Da Ribeira vive fortemente em mim o Teatro Alberto Maranhão e seus porteiros. Eram cúmplices da nossa entrada sorrateira por uma porta lateral. Assim, tive a oportunidade de assistir O Santo e a Porca e o Santo Inquérito, ambos dirigidos por Sandoval Wanderley. Vi Terras de Arisco e Senhora Carrapicho, de Meira Pires, belas montagens com cenários maravilhosos. Vi Um whisky para o Rei Saul, Diário de um Louco, Doces Deleites, Marcelino Pão e vinho no Céu, o espetacular Macunaíma, Augusto dos Anjos,Poeta e Cidadão Brasileiro e Esperando Godot, com Eva Wilma.

Isso, o que a memória alcança. Os espetáculos do Projeto Pixinguinha, o Seis e Meia, tanta gente maravilhosa, inclusive Nana Caymmi que "viajou" agora há pouco. Vi Gilberto Gil em um show super intimista. Gal, Nara, Elis e o Zimbo Trio, Ângela Rô-rô, Miúcha, Braguinha, João Donato, Arrigo, João Nogueira, a Camerata Carioca, Leila Pinheiro… eita, ótimos tempos!

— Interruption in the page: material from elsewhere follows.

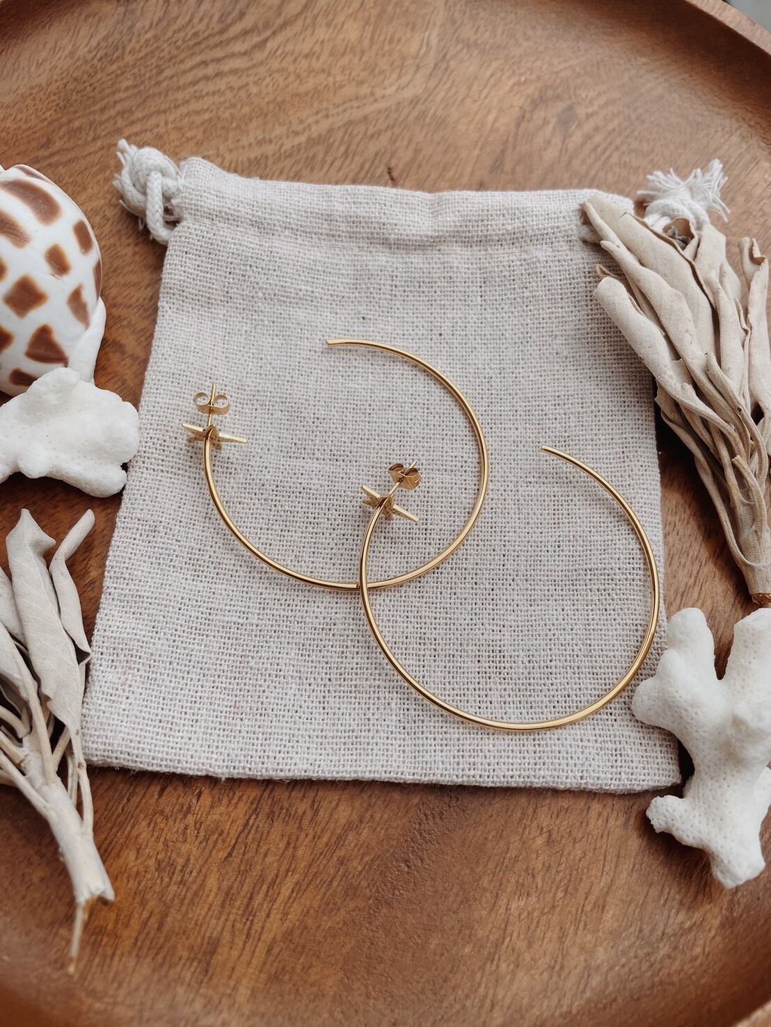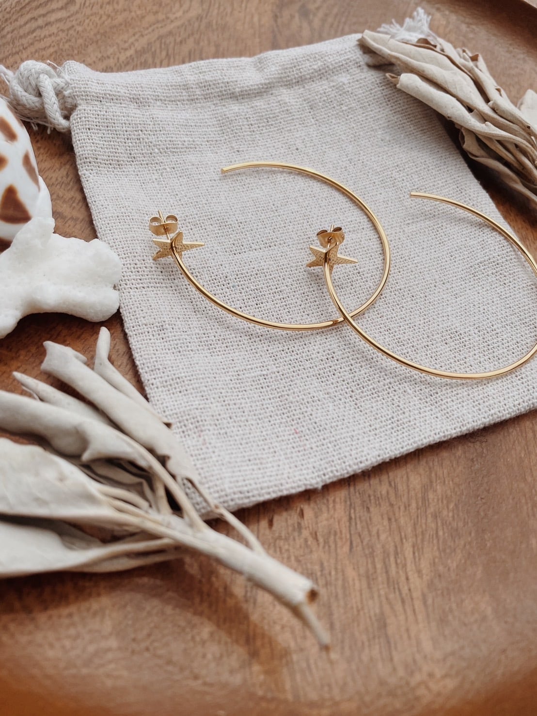 星型のフープピアスは、洗練されたデザインと存在感が際立つピアスです。大ぶりですが、とても軽く付けやすいため、デイリーユースにも最適です。ステンレス製なので、長時間の使用でも変色や傷がつきにくく、長くお使い頂けます♪

Teatro Alberto Maranhão Foto: ipatrimônio

Ao lado do Teatro, o Colégio Salesiano São José, na época dirigido por padres que também eram boa parte dos professores. Padres Tadeu, Mário Daorizi, Natal, Amadeu, Valdir, Tenório, que cuidava da horta, Falcone. Alguns amarravam a batina nas pernas e vinham jogar bola com a meninada. O espaço, antiga casa do industrial Juvino Barreto, era uma maravilha por si só. Imensos corredores, escadas antigas, de madeira, três campos de futebol, mangueiras, altas e altaneiras palmeiras imperiais.

Colégio Salesiano São José- Foto: Agora RN

Na praça todo tipo de vendedores. Roletes de cana, sonhos, amendoim torradinho, geleia de coco, pirulitos, sorvetes, picolés, laranjas descascadas em uma maquininha. Nosso rico dinheirinho ficava ali mesmo. Resistir, quem há de? Além disso, a Praça Augusto Severo ainda dispunha de uma mini biblioteca ali colocada por Djalma Maranhão, o prefeito mais atuante que a cidade já teve. Amigo e apoiador dos
grupos folclóricos, nem parecia os gestores de hoje, longe disso.

E o Grande Hotel? Tantas histórias naqueles alpendres. Tantos personagens ao longo dos anos. O major Teodorico Bezerra recebendo correligionários e autoridades. O restaurante maravilhoso, o piano de Paulinho Lira. A barbearia, com uma manicure de belas pernas.

Vindo da escola para casa o cheiro que emanava da cozinha comandada por Santana estimulava meu apetite. Na outra esquina era o restaurante do SAPS, popular, com longas filas. A Confeitaria Delícia, do português Olívio, teve seus dias de glória. Na parede, um desenho de Newton Navarro representando barqueiros do Tejo.

No sábado, as mesas eram colocadas na rua para tornar possível a limpeza. Dizem que ali nasceu o termo “saideira”. Cansado de esperar, um visitante foi ao bar chamar o seu anfitrião. - Isso não termina nunca? Perguntou. - Terminamos faz tempo, foi a resposta. É que estamos na décima saideira…

Revisitando o bairro da Ribeira me vejo no menino que fui. As ruas, becos e vielas que percorri no bairro e na vida. Drummond fala: de tudo fica um pouco. Da Ribeira, em mim, ficou muito, na cabeça e no coração.